Originally Posted By: rbracklow
This post was automatically imported from our archived forum.
Here is an eye opener that has been brewing for quite some time!!
Fannie Mae, Freddie Mac's Role In The Perfect Real Estate Storm
Lenders, Realtors, appraisers and investors are already beginning to feel the winds pick up for the perfect real estate storm. Some believe that much of the fallout will be fueled by easy credit encouraged by Fannie Mae and Freddie Mac to support their valuations.
It all began with automated underwriting conceived during the Clinton boom, which took its scoring models from credit cards, and then a number was derived by FICO to apply to mortgages.

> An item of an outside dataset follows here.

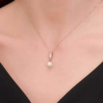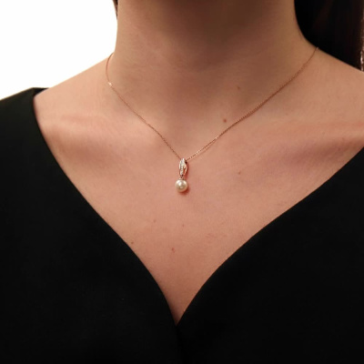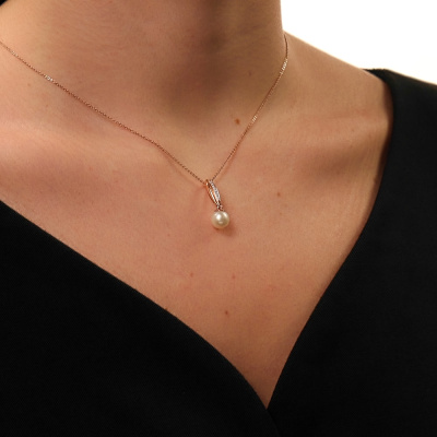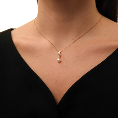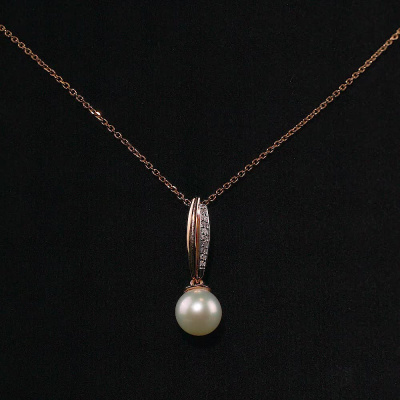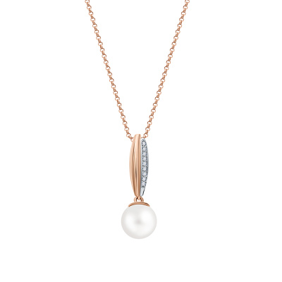 Подвеска с 9 бриллиантами природными, 0.02 карат, огранка круг 17 граней, цвет 2, чистота 2, тип огранки А; 1 жемчугом пресноводным культивированным белым; Розовое золото 585 пробы.

Explains David Reed, director of Internet lending for Southtrust Mortgage, "They are approving loans that would never have been approved by a human being. We are going through good times, and we are approving loans, but what happens when good times end? For these people who don't have good credit, or low appreciation, we don't know if these scoring models work because they haven't been tested in bad times."
What's scaring Reed, he says, is that time and time again, he is seeing loans approved that have him raising his eyebrows. "One just came back across my desk - this got approved? The borrower had good credit, but his ratios are 69."
That means the borrower's payment is 69 percent of his gross income. That's a far cry from the days when lenders started to sweat when borrowers got near 36 percent including credit card debt.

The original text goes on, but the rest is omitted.